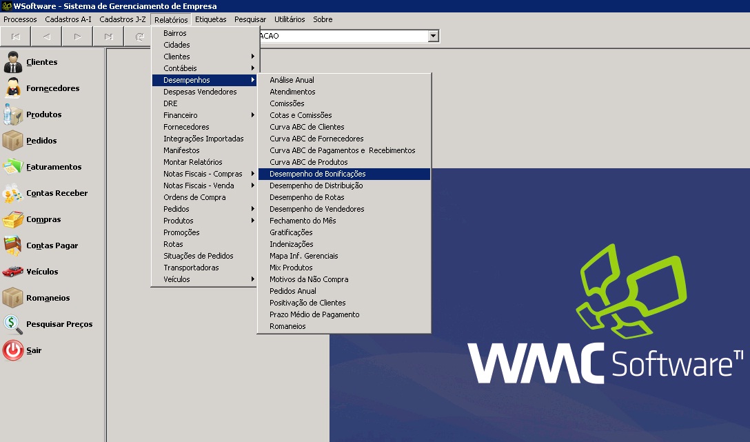 O usuário grava um “pedido” de bonificação, mas não é faturado, nem no WMC Mobile nem no gestão WMC. Logo, esta bonificação não aparecerá neste relatório. Se você deseja um relatório que mostre toda da bonificação faturada, este é o relatório certo. Mas se você não fatura alguns pedidos de bonificação, então este relatório não serve.
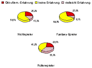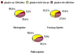 Zuvor möchte ich aber gerne hierzu noch ein weiteres Ergebnis meiner Umfrage vorstellen. Ich habe die Schüler nach ihrer Erfahrung mit Okkultismus (Tisch rücken, pendeln, Schwarze Messen, Geisterbeschwörungen..) sowie danach gefragt, ob sie an solche Dinge glauben. Bei der Frage nach der Erfahrung mit Okkultismus ist der einzige signifikante Unterschied zwischen Nichtspielern, Fantasy-Spielern und Rollenspielern der, daß die Rollenspieler unverhältnismäßig oft unsicher über ihre Erfahrung waren. Diese Unsicherheit bezieht sich vermutlich auf die Spiele selbst. Auf die Frage Glaubst du, daß Rollenspiele okkultistisch sind? antworteten von den 17 Rollenspielern nämlich drei mit ja, vier mit weiß nicht, neun mit nein und ein Spieler machte keine Angabe.
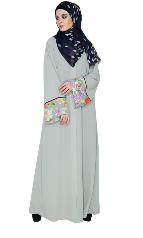 Fancy Embroidered Grey Dubai Style Abaya (Made-To-Order)
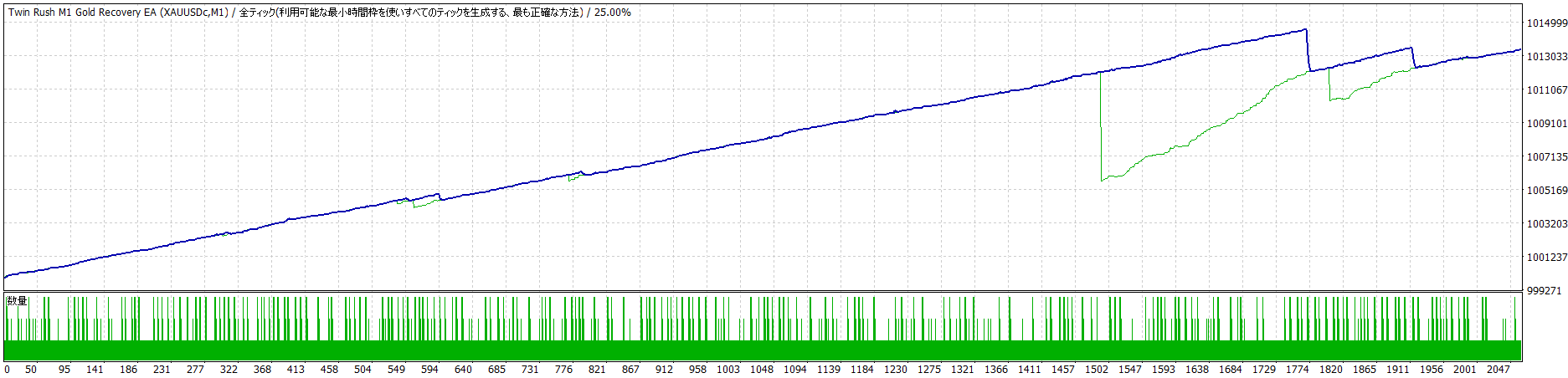 このバックテストの緑の線が下がったところが2025年10月の約400円の下落場面ですが、コツコツとG2ロジックによる回復力により、見事、含み損を回収しています!そしてM1により積極的にポジションをとるので、日々、利益の積み上げてくれます。
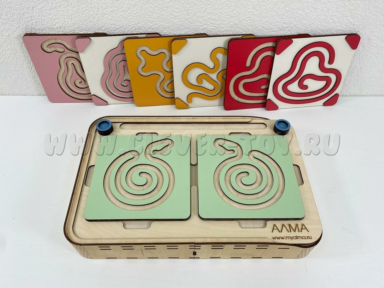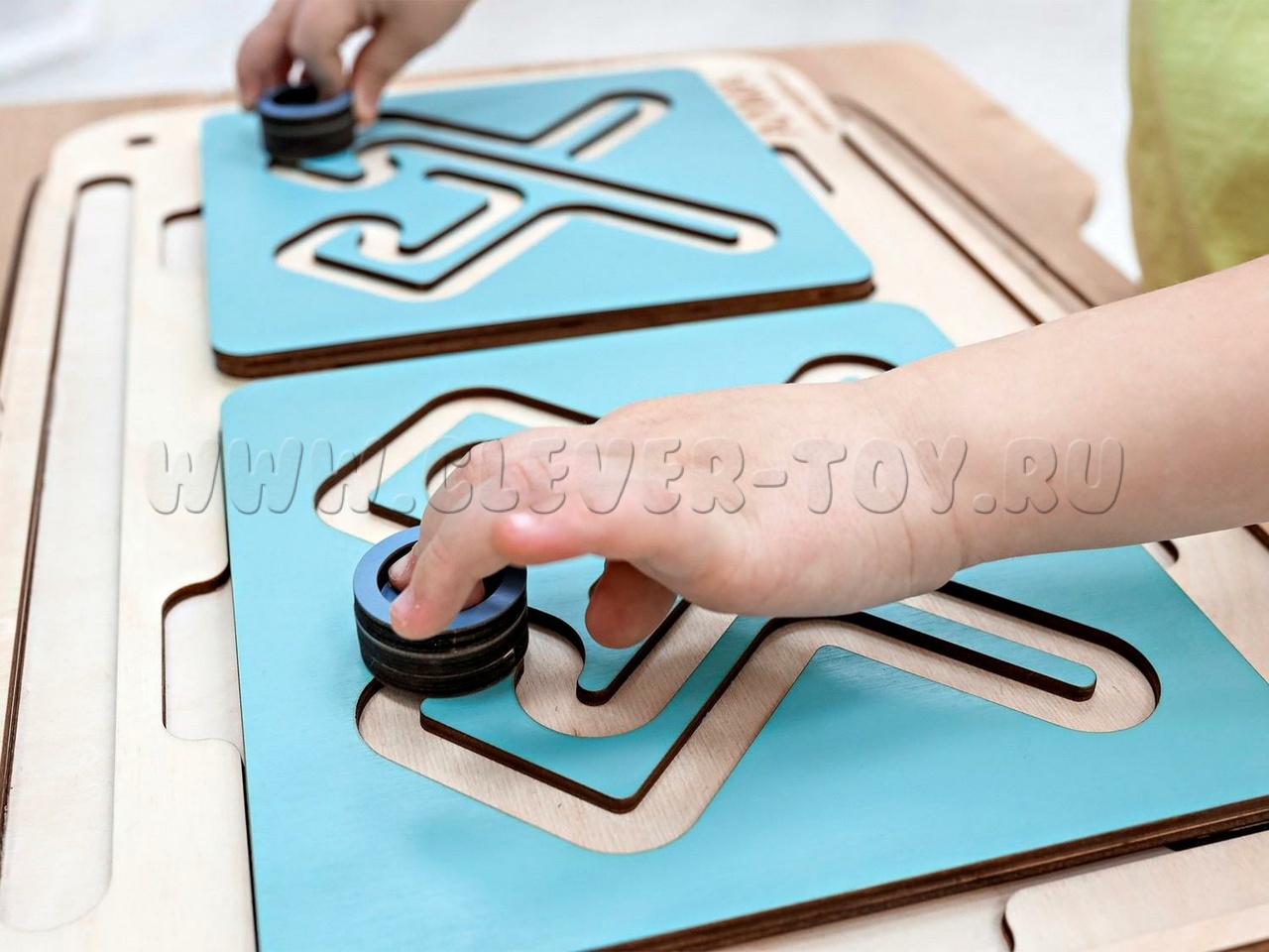 Два лабиринта с изображениями, расположенными симметрично, вставляются в пазы, и ребёнок проходит их с помощью специальных пальчиковых фишек.
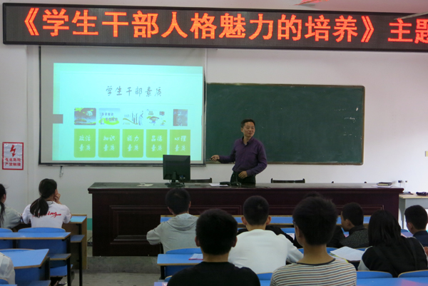 此次培训邀请校师训办主任徐亮主讲,徐老师从学生干部应具备政治素质、知识素质、能力素质、品德素质和心理素质五个方面入手,通过大量的案例帮助学生干部分析学干人格魅力如何培养,明确学生干部肩负的职责,传授学生干部在班级管理工作中具体的做法,参训学生干部从中受益匪浅。
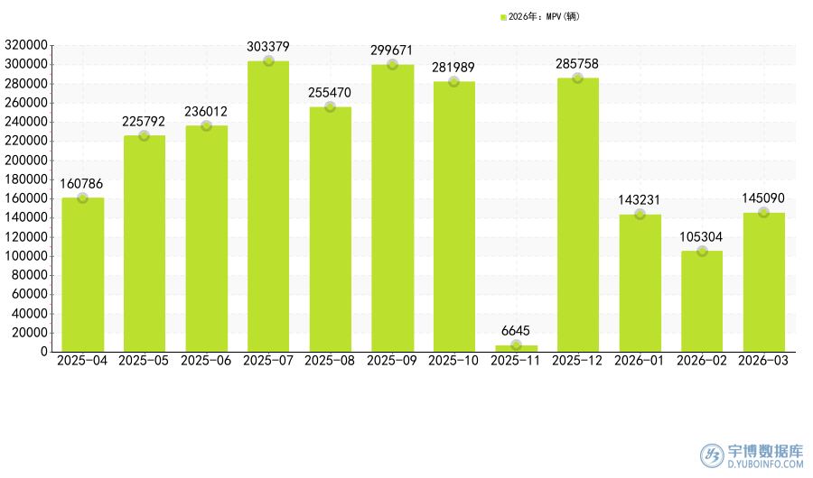 据报告网监测数据显示,2026年3国内MPV销量为145090辆,环比上涨了37.78%,销量增加了39786辆。
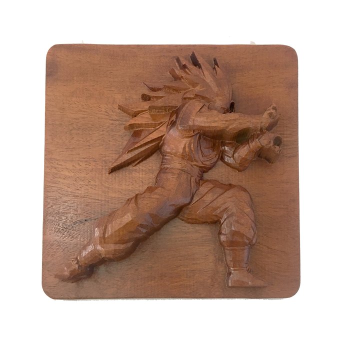 O Quadro 3D com a arte de Son Goku, protagonista da franquia Dragon Ball podemos produzir em Maracatiara, Jatobá (como na foto), Ipê, Garapeira e Itaúba, todas as madeiras são de primeira linha, maciça e sem emendas.
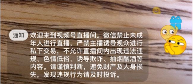 在主播端,主播点击在线观众后可以看到观众的 ID 和头像,主播也可以对用户进行禁止评论,移入视频号黑名单或投诉等操作。
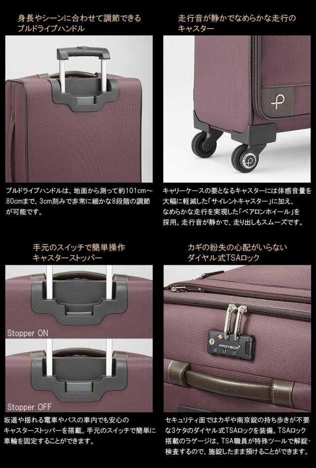機能一覧:4輪/サイレントキャスター/ベアロンホイール/TSAダイヤルファスナーロック/キャスターストッパー/国内100席以上・国際機内持込み
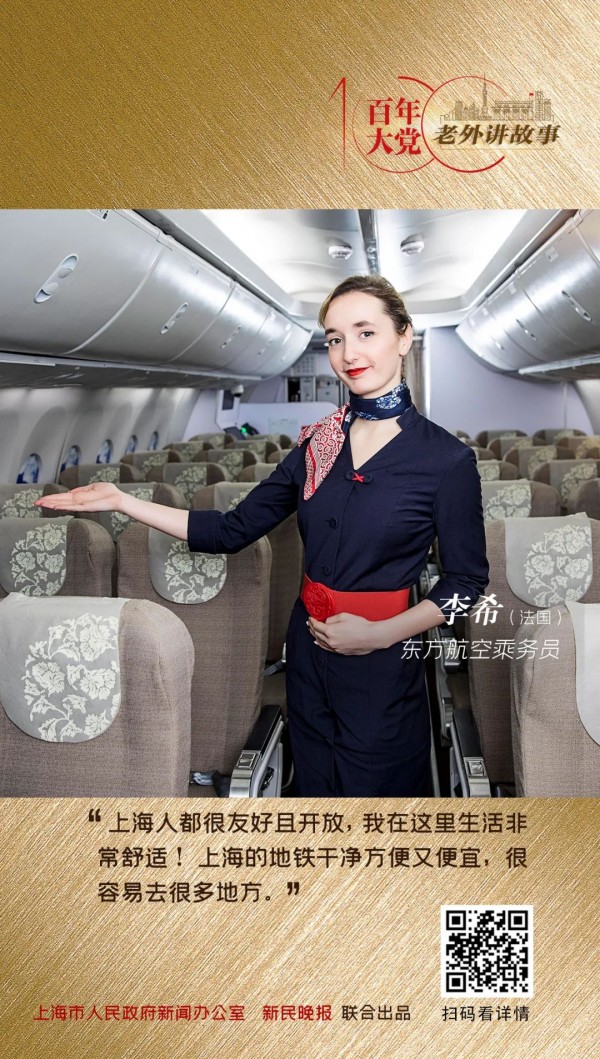 今年是法国姑娘李希来上海的第七年,也是她成为东方航空乘务员的第四年,这些年,她总在上海和巴黎两座城市间往返。辗转之间,李希体会着两座城市不同的魅力。最让她欣喜的是,通过频繁的接触与交往,中法两国的距离正越来越近……
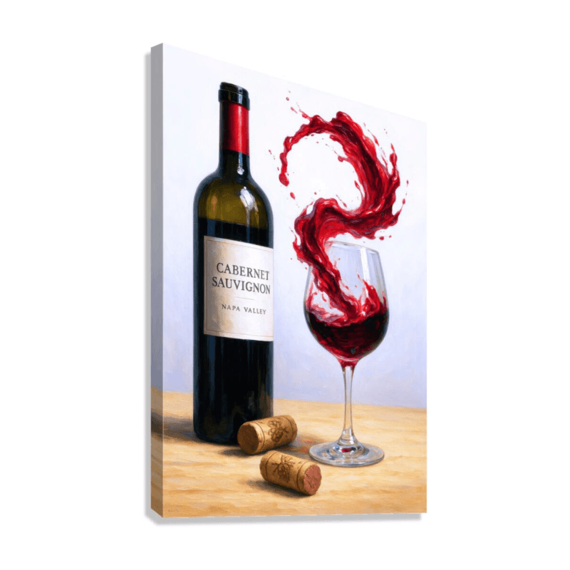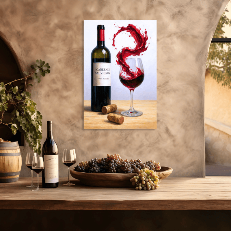 A lively swirl of deep red wine captures a moment of motion, celebration, and quiet joy. The rich tones and fluid energy bring warmth and personality to a space, making it a perfect accent for dining areas, kitchens, or places meant for gathering.
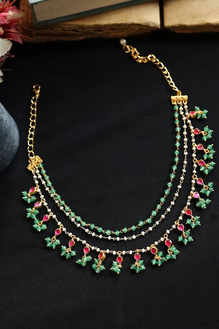 Multiple layers of pearls and gemstones, Lobster hook closure for secure fit, Intricate kundan detailing with vibrant colors
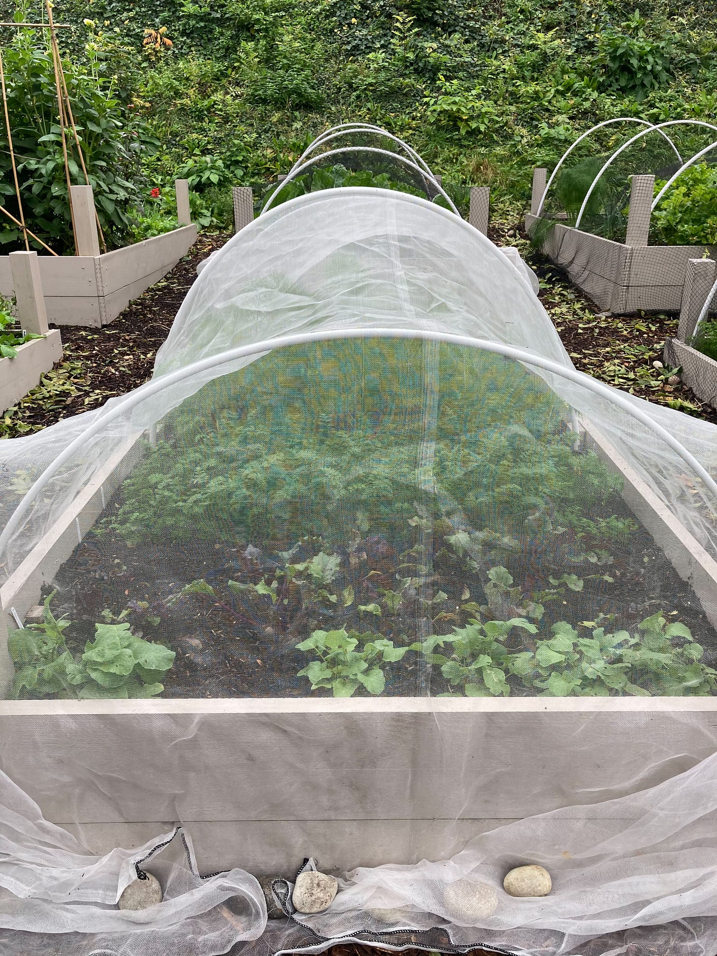 Even with covers in place, you will still need to be vigilant. You may accidentally trap a butterfly or moth inside when you remove the cover to check on your precious crops. Or, the crops grow large enough to have their luscious leaves pressing against the mesh - passing butterflies can potentially lay their eggs on the leaves through the mesh. You will also need to be timely… There’s no point in buying covers if you can’t be bothered to put them on.
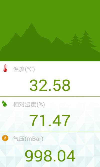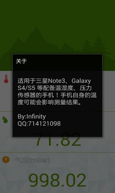 一款简单易用的温度计软件,支持三星Note3、Galaxy S4/S5等支持温湿度传感器的设备,可测量环境温度、湿度、以及大气压强。无广告、无后台。
====
▸ **Problem statement**
Give the records back exactly, with no pictures.

▸ **Task output**
 O usuário grava um “pedido” de bonificação, mas não é faturado, nem no WMC Mobile nem no gestão WMC. Logo, esta bonificação não aparecerá neste relatório. Se você deseja um relatório que mostre toda da bonificação faturada, este é o relatório certo. Mas se você não fatura alguns pedidos de bonificação, então este relatório não serve.
 Zuvor möchte ich aber gerne hierzu noch ein weiteres Ergebnis meiner Umfrage vorstellen. Ich habe die Schüler nach ihrer Erfahrung mit Okkultismus (Tisch rücken, pendeln, Schwarze Messen, Geisterbeschwörungen..) sowie danach gefragt, ob sie an solche Dinge glauben. Bei der Frage nach der Erfahrung mit Okkultismus ist der einzige signifikante Unterschied zwischen Nichtspielern, Fantasy-Spielern und Rollenspielern der, daß die Rollenspieler unverhältnismäßig oft unsicher über ihre Erfahrung waren. Diese Unsicherheit bezieht sich vermutlich auf die Spiele selbst. Auf die Frage Glaubst du, daß Rollenspiele okkultistisch sind? antworteten von den 17 Rollenspielern nämlich drei mit ja, vier mit weiß nicht, neun mit nein und ein Spieler machte keine Angabe.
 Fancy Embroidered Grey Dubai Style Abaya (Made-To-Order)
 このバックテストの緑の線が下がったところが2025年10月の約400円の下落場面ですが、コツコツとG2ロジックによる回復力により、見事、含み損を回収しています!そしてM1により積極的にポジションをとるので、日々、利益の積み上げてくれます。
 Два лабиринта с изображениями, расположенными симметрично, вставляются в пазы, и ребёнок проходит их с помощью специальных пальчиковых фишек.
 此次培训邀请校师训办主任徐亮主讲,徐老师从学生干部应具备政治素质、知识素质、能力素质、品德素质和心理素质五个方面入手,通过大量的案例帮助学生干部分析学干人格魅力如何培养,明确学生干部肩负的职责,传授学生干部在班级管理工作中具体的做法,参训学生干部从中受益匪浅。
 据报告网监测数据显示,2026年3国内MPV销量为145090辆,环比上涨了37.78%,销量增加了39786辆。
 O Quadro 3D com a arte de Son Goku, protagonista da franquia Dragon Ball podemos produzir em Maracatiara, Jatobá (como na foto), Ipê, Garapeira e Itaúba, todas as madeiras são de primeira linha, maciça e sem emendas.
 在主播端,主播点击在线观众后可以看到观众的 ID 和头像,主播也可以对用户进行禁止评论,移入视频号黑名单或投诉等操作。
機能一覧:4輪/サイレントキャスター/ベアロンホイール/TSAダイヤルファスナーロック/キャスターストッパー/国内100席以上・国際機内持込み
 今年是法国姑娘李希来上海的第七年,也是她成为东方航空乘务员的第四年,这些年,她总在上海和巴黎两座城市间往返。辗转之间,李希体会着两座城市不同的魅力。最让她欣喜的是,通过频繁的接触与交往,中法两国的距离正越来越近……
 A lively swirl of deep red wine captures a moment of motion, celebration, and quiet joy. The rich tones and fluid energy bring warmth and personality to a space, making it a perfect accent for dining areas, kitchens, or places meant for gathering.
 Multiple layers of pearls and gemstones, Lobster hook closure for secure fit, Intricate kundan detailing with vibrant colors
 Even with covers in place, you will still need to be vigilant. You may accidentally trap a butterfly or moth inside when you remove the cover to check on your precious crops. Or, the crops grow large enough to have their luscious leaves pressing against the mesh - passing butterflies can potentially lay their eggs on the leaves through the mesh. You will also need to be timely… There’s no point in buying covers if you can’t be bothered to put them on.
 一款简单易用的温度计软件,支持三星Note3、Galaxy S4/S5等支持温湿度传感器的设备,可测量环境温度、湿度、以及大气压强。无广告、无后台。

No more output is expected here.